▶ **Exercise goal**
Using the material below, return exactly the lines between the one holding "eigen systeem). |" and the one holding "Enjoy a versatile", inclusive, and no others.

▶ **Material supplied**
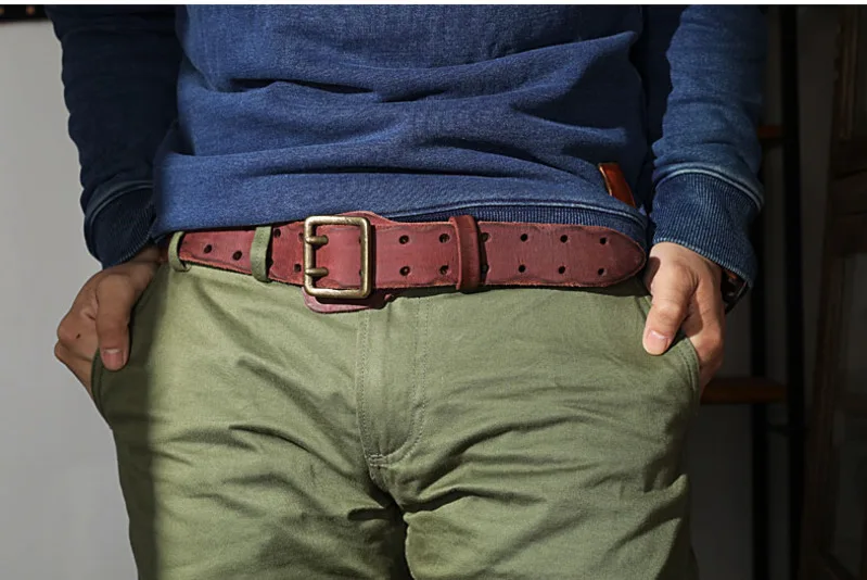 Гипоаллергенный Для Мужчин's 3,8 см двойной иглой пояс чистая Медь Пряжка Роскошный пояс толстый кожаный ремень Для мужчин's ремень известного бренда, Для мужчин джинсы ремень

* * *

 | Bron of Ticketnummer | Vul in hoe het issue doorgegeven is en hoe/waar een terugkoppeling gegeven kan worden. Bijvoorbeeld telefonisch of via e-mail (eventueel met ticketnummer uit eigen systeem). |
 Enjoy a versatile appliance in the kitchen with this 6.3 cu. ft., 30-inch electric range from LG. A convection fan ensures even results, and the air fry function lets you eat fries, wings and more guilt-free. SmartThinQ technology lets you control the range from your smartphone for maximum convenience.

▶ **Answer to this exercise**
 | Bron of Ticketnummer | Vul in hoe het issue doorgegeven is en hoe/waar een terugkoppeling gegeven kan worden. Bijvoorbeeld telefonisch of via e-mail (eventueel met ticketnummer uit eigen systeem). |
 Enjoy a versatile appliance in the kitchen with this 6.3 cu. ft., 30-inch electric range from LG. A convection fan ensures even results, and the air fry function lets you eat fries, wings and more guilt-free. SmartThinQ technology lets you control the range from your smartphone for maximum convenience.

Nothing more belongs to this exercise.